REQUIRED ACTION => Range to copy from the entries below: the line containing "Looking at this" through the line containing "Ahmet AKKUŞ/Mardin’in Nusaybin", inclusive. Retype only those lines, exactly, without any images.

DATA PROVIDED =>
——————————

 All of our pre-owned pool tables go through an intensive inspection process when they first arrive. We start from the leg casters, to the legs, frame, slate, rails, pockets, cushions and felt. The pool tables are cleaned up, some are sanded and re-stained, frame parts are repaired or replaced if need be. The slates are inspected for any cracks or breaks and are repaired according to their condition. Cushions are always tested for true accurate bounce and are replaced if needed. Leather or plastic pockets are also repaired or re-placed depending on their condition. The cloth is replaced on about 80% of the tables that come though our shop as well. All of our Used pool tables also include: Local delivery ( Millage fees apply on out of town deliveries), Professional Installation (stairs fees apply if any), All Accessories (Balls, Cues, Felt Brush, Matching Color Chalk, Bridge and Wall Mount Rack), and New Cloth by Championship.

——————————

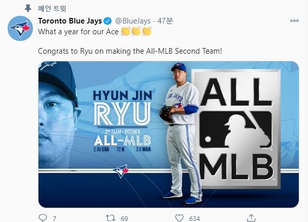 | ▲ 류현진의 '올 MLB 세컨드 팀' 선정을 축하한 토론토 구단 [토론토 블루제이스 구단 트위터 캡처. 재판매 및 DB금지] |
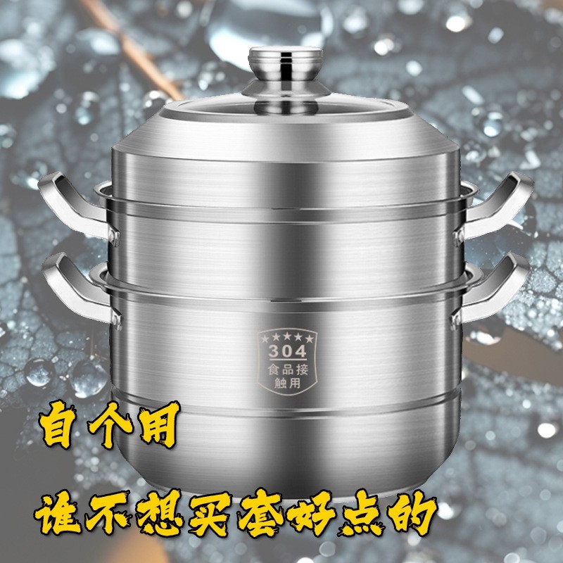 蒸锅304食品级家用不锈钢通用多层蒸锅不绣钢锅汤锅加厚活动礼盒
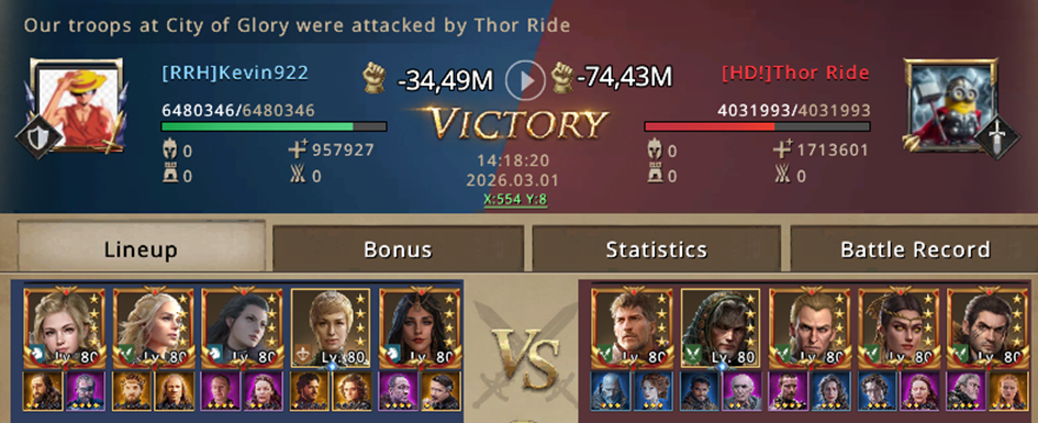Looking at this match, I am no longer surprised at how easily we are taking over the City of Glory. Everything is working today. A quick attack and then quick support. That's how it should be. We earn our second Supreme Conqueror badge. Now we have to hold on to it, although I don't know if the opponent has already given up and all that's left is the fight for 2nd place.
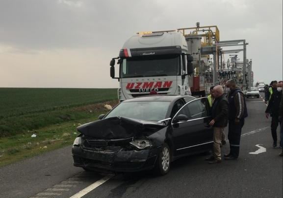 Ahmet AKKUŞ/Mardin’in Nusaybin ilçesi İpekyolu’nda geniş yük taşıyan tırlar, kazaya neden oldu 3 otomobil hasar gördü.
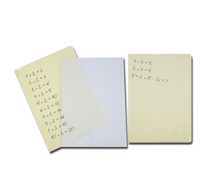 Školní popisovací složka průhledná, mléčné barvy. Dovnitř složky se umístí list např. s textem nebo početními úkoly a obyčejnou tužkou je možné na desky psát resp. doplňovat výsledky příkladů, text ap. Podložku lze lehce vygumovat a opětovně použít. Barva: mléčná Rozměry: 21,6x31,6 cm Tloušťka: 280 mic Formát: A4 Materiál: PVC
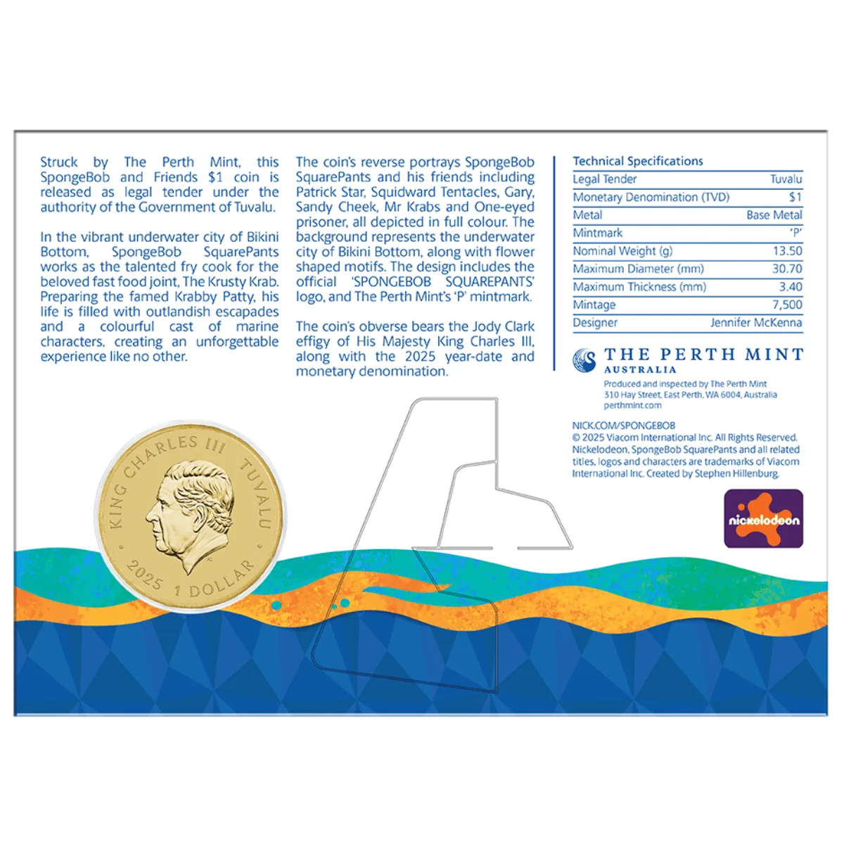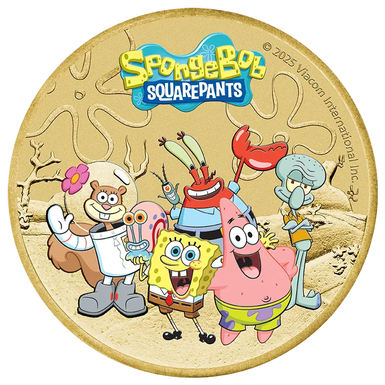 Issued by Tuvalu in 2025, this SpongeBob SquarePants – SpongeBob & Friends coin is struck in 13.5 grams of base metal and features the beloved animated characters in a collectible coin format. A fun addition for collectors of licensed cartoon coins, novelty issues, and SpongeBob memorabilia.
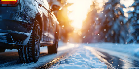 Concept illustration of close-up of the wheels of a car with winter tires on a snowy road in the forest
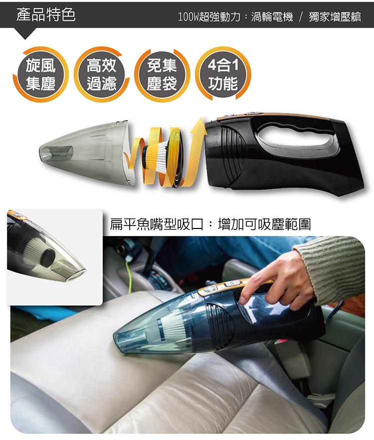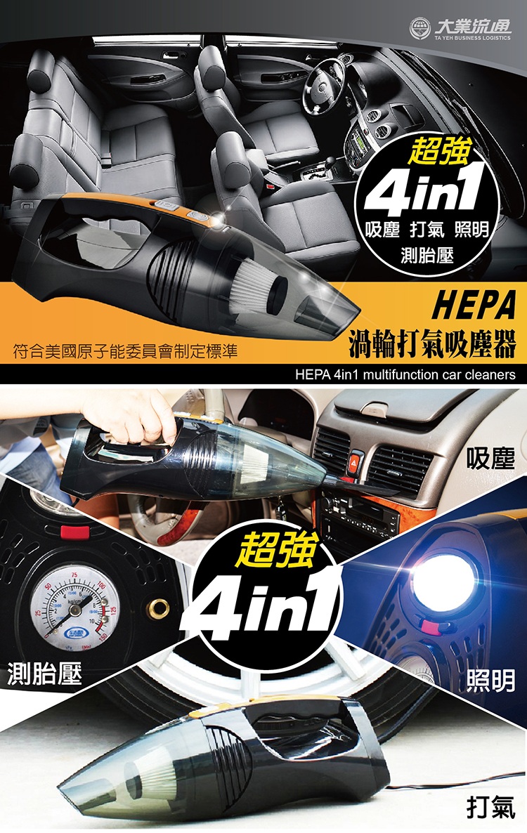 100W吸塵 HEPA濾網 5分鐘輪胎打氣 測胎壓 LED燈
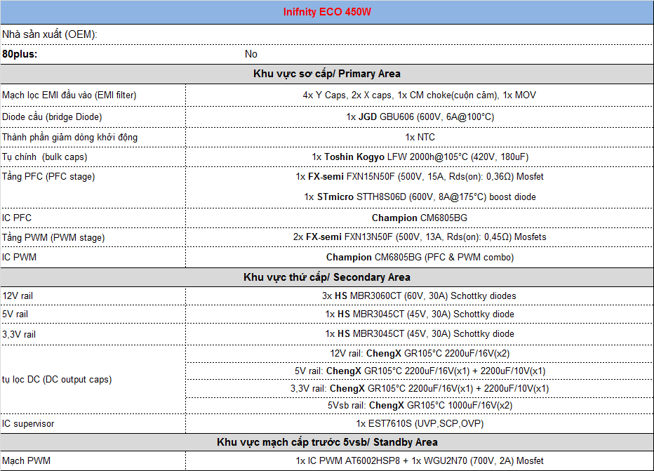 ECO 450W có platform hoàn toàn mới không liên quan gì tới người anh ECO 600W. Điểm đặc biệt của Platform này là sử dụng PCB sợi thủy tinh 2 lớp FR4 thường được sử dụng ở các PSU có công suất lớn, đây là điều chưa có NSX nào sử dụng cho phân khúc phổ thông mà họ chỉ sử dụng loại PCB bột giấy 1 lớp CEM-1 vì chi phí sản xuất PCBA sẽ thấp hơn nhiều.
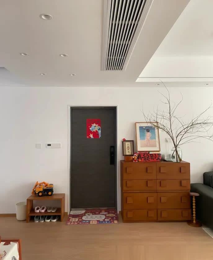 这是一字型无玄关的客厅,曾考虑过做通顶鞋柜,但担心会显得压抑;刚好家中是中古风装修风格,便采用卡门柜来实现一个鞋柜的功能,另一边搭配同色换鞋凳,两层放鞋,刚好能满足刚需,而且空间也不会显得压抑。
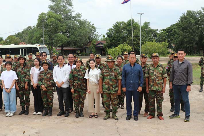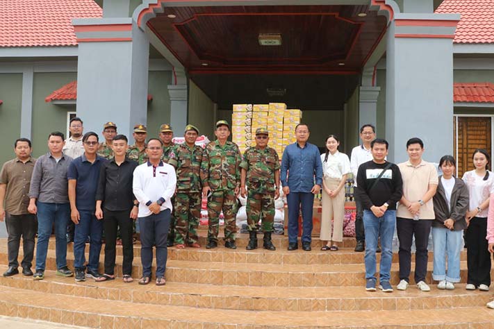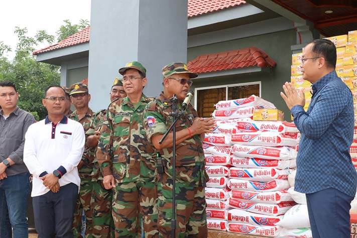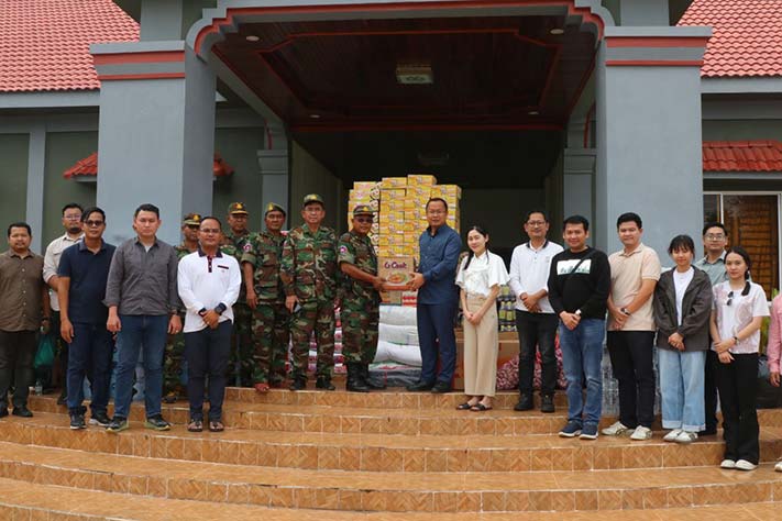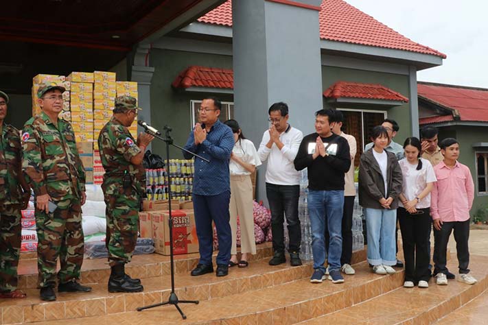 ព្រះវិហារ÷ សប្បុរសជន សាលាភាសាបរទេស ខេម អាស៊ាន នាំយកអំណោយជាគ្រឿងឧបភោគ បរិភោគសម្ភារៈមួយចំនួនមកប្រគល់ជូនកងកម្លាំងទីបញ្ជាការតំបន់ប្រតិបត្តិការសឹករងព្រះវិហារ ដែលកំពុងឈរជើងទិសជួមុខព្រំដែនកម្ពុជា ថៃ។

——————————

RESPONSE BELOW =>
Looking at this match, I am no longer surprised at how easily we are taking over the City of Glory. Everything is working today. A quick attack and then quick support. That's how it should be. We earn our second Supreme Conqueror badge. Now we have to hold on to it, although I don't know if the opponent has already given up and all that's left is the fight for 2nd place.
 Ahmet AKKUŞ/Mardin’in Nusaybin ilçesi İpekyolu’nda geniş yük taşıyan tırlar, kazaya neden oldu 3 otomobil hasar gördü.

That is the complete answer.